Парник был заполнен пожелтевшей рыжей ботвой и миниатюрными сморщенными огурчиками. Воняло гнилью.
— Вы видите?
— Моя бабушка говорила, что это от космонавтов, — глупо сказал я. — Озоновый слой как решето…
— Это радон. Раньше он только на кладбище был, а теперь по всему городу. В подвале уже ничего нельзя хранить…
— Надежда Денисовна, это не радон, — сказал я. — Радон на растения никак не влияет, это у вас обычная плесень. У моей бабушки такое же случалось, огурцы гнили…
— Он и раньше сочился!
Надежда Денисовна вошла в парник и принялась обрывать ботву.
— Это мы думали, что плесень, а он тут везде накапливался, накапливался… — приговаривала она. — Зинка и Сватов себе давно участки в Польше купили, а мы тут, мы тут дохнем, у всех то онкология, то туберкулез, то зубы выпадают, дети болеют, а им все равно… И с сосудами проблемы, они как хрустальные становятся…
Надежда Денисовна увлеклась бранью и обиходом огурцов, про меня забыла, я хотел незаметно удалиться, но мать Аглаи позвала из парника.
— Виктор!
Я снова заглянул. Надежда Денисовна была несколько в ботве.
— Виктор, поговорите с Глашей, пожалуйста!
— Да, я поговорю… О чем?
— Убедите ее отсюда уехать, — попросила Надежда Денисовна. — Тут ничего для нее нет, более того, тут опасно.
— Мне кажется, она сама хочет отсюда уехать, — сказал я. — Она же на лето…
— Это она вам так рассказывает, что на лето, а на самом деле…
Надежда Денисовна погрузила руку в жухлые заросли и с сочным хрустом выдернула огурец. Почти зеленый, размером с мизинец.
— На самом деле она собралась присматривать за мной. Я у нее, видите ли, больная.
Надежда Денисовна откусила от огурца.
— Дрянь… — она выплюнула. — Горечь, тьфу… У всех огурцы сгорели. Понимаете, Виктор, у нас тут страшно. Население сократилось на треть, осталось восемь тысяч сто сорок семь жителей… официально. А сколько на самом деле, никто не знает! Глаше лучше уехать. Тут гниль.
— Может, и вам тогда? Уехать?
— Ну куда я поеду? — Надежда Денисовна махнула рукой. — Я всю жизнь в ЗАГСе проработала, мне на пенсию скоро, зачем мне ехать? Я не поеду. А она…

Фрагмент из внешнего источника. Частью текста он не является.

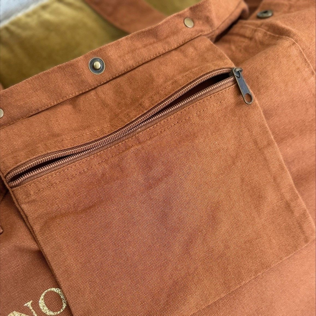 Grand sac cabas 100 % coton délavé pour un look hyper stylé et décontracté, coloris caramel avec son imprimé pailleté or "Family Love en Vadrouille" Poche intérieur avec fermeture éclair pour y glisser vos clefs, porte monnaie, paire de lunettes... Fermeture du sac par bouton pression.

Надежда Денисовна обернулась на дом.
— Виктор, вы меня до аптеки не подвезете? — попросила она. — Меновазин закончился, подбросьте на Первомайскую, там хорошая аптека и недорогая, кстати…
— Да, конечно.
Я проводил Надежду Денисовну до машины, поехали на Первомайскую.

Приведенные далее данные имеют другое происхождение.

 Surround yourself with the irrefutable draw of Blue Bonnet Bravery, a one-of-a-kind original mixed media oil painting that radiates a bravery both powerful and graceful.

— Понимаете, Виктор, Глаша пережила довольно травматическое расставание…
На углу Садовой поперек дороги упала рябина, никто не торопился ее убирать, объезжали через канаву и успели проложить заметную колею.

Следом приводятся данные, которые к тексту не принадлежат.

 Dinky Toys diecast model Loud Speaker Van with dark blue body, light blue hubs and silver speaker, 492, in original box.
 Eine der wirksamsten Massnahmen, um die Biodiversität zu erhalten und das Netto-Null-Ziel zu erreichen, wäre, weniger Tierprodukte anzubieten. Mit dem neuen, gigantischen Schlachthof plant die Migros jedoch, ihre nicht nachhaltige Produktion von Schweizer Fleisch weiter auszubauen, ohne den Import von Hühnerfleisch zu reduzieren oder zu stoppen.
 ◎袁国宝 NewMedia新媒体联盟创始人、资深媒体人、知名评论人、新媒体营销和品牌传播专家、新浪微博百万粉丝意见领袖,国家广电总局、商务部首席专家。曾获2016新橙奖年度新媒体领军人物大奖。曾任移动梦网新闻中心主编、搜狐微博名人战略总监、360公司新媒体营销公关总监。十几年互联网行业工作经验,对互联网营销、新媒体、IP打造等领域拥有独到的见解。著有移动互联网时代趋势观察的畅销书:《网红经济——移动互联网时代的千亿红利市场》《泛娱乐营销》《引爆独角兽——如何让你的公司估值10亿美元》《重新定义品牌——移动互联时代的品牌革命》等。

— Она была замужем семь лет, — рассказывала Надежда Денисовна. — Сначала вроде жили, ребенка хотели, потом началось… вспоминать не хочется, форменный ад…
Надежда Денисовна неожиданно достала пачку сигарет и закурила.
— Разумеется, в такой ситуации человек стремится домой. Вот Глаша и побежала сюда. Я ее приняла, но… Вы понимаете, она рискует здесь застрять…
— Необязательно…
— Я боюсь, что ее может затянуть! — перебила Надежда Денисовна. — Глаша ведь… идеалистка…
Курила она быстро, за полминуты вытянула под фильтр. Аглая идеалистка, они так редко встречаются. Я сам, в сущности, идеалист, если бы я не был идеалистом, поехал бы в Лоо, но я тут.
— Хорошо, что библиотеку не закрыли, она отвлеклась немного… Но она завязнет, а тут нельзя, тут никак нельзя оставаться… Остановите!
Я затормозил. Не возле аптеки, возле синего дома.
— Глаша отчего-то вообразила, что я больна, — повторила Надежда Денисовна. — И что она должна за мной ухаживать… Но это не так, я вполне здорова.
Надежда Денисовна закурила вторую. В синем доме качнулись занавески.
— Да я привыкла, — сказала она. — Я здесь всю жизнь, но это, в принципе, не важно… я к чему это все веду… Аглая вас уважает!
— Да как сказать…
— Уважает-уважает, — Надежда Денисовна по-матерински положила руку мне на плечо. — Поверьте, она к вам прислушается, она вашу книжку семь раз перечитывала. Думаю, вы для нее авторитет. Это важно, Виктор.
— Хорошо, я попытаюсь ее убедить…
— Спасибо вам большое!
Надежда Денисовна неловко стряхнула пепел в машину.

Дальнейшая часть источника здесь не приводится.